Exercise description:
Please print, exactly, only the lines in the entries below from the line that has "Côté ensoleillement, on" through the line that has "للنساء - قطعتان". Pictures don't go in.

Data records:
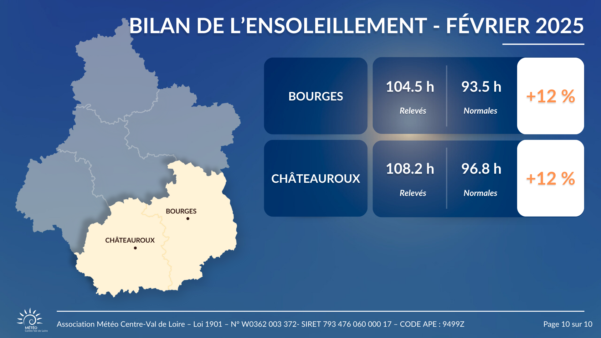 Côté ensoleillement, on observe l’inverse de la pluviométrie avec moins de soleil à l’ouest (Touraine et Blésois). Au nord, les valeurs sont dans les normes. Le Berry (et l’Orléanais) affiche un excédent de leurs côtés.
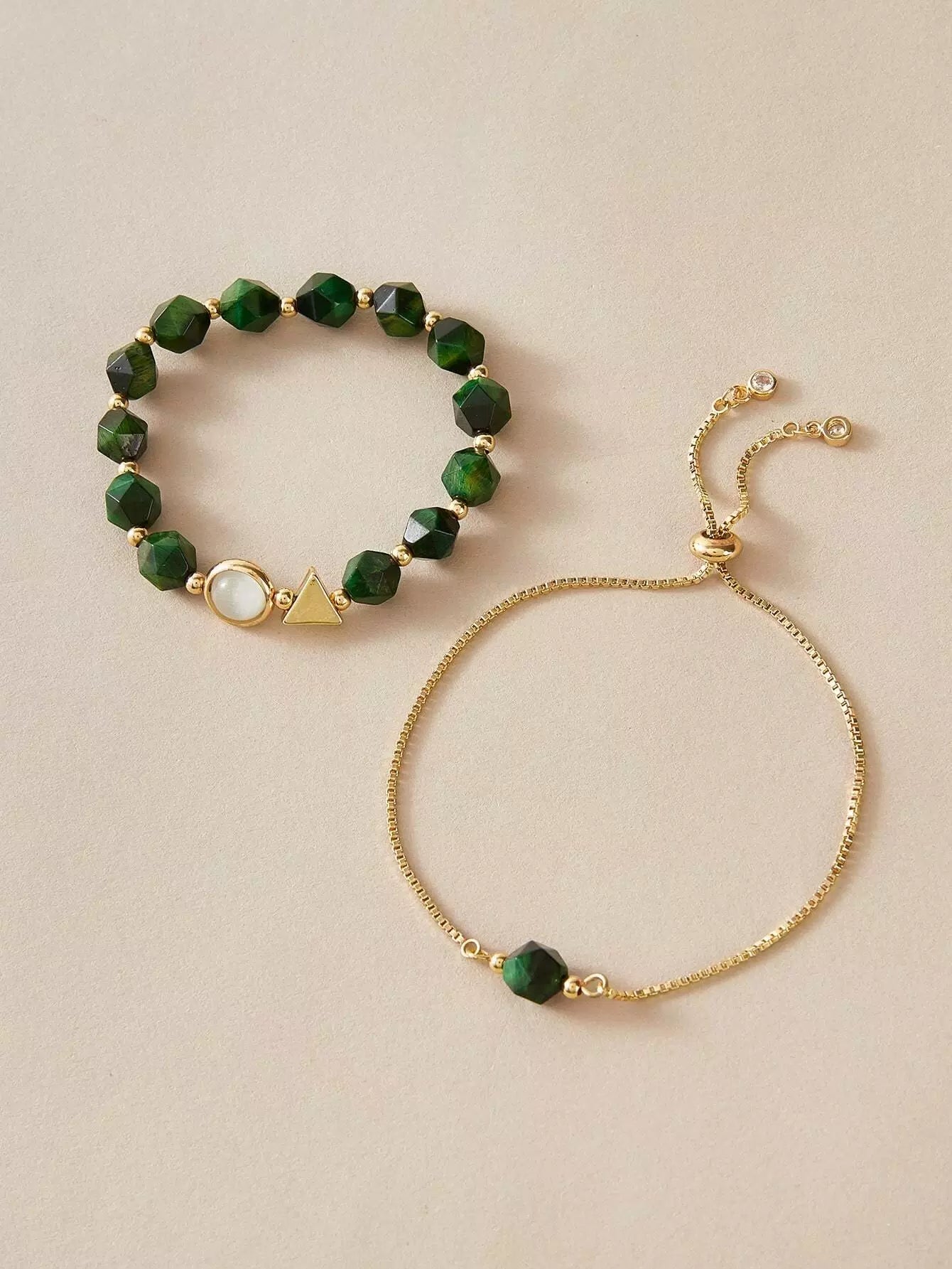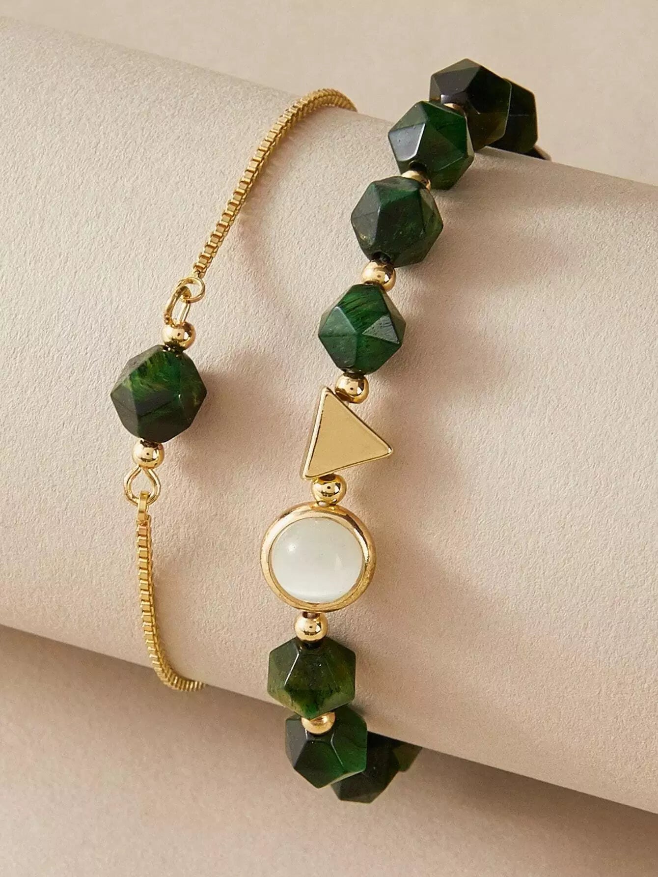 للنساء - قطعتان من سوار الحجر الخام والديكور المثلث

...

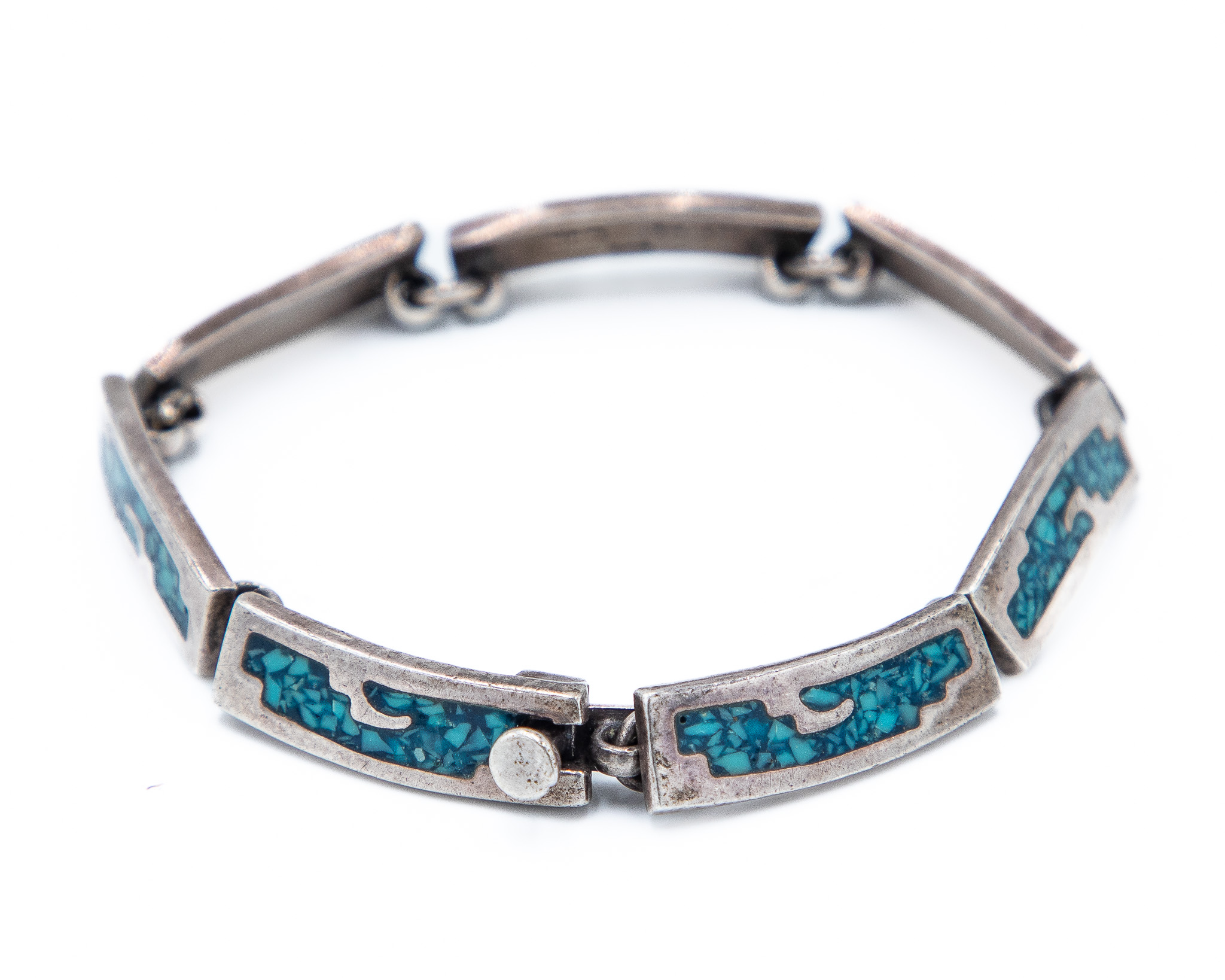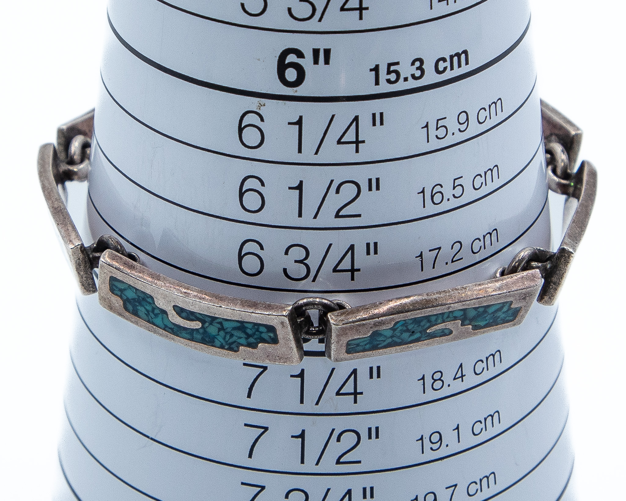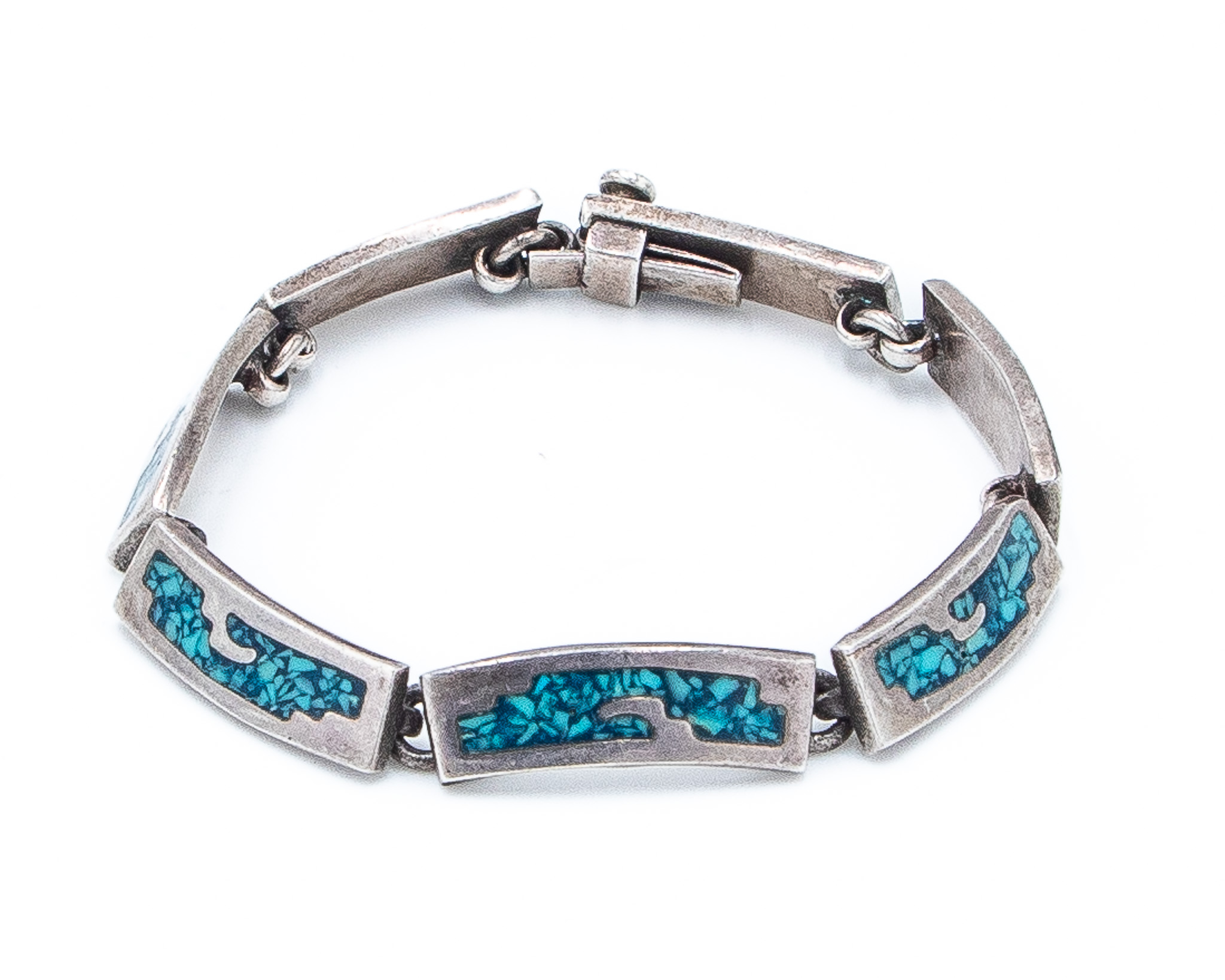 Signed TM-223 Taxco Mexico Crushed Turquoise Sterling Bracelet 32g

* * *

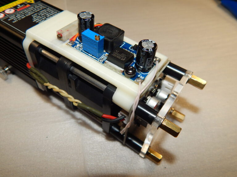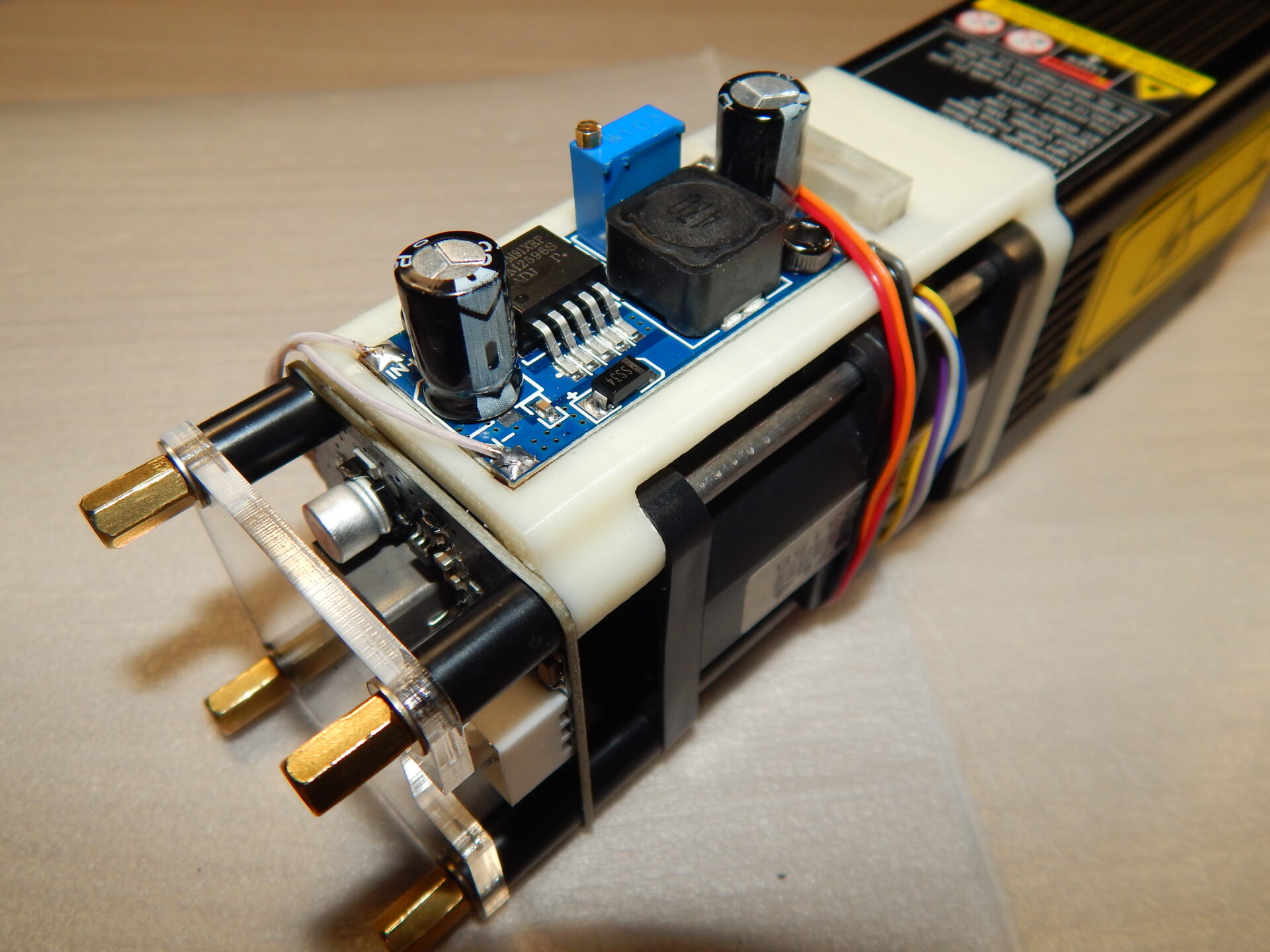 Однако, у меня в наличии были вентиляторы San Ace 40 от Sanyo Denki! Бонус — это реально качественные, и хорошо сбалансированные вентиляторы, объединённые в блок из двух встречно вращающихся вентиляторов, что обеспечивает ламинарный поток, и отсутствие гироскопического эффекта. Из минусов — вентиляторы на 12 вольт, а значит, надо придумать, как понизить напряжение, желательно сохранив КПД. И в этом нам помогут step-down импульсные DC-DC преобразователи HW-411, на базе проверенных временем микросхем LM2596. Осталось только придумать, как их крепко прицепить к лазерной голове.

Task answer:
 Côté ensoleillement, on observe l’inverse de la pluviométrie avec moins de soleil à l’ouest (Touraine et Blésois). Au nord, les valeurs sont dans les normes. Le Berry (et l’Orléanais) affiche un excédent de leurs côtés.
 للنساء - قطعتان من سوار الحجر الخام والديكور المثلث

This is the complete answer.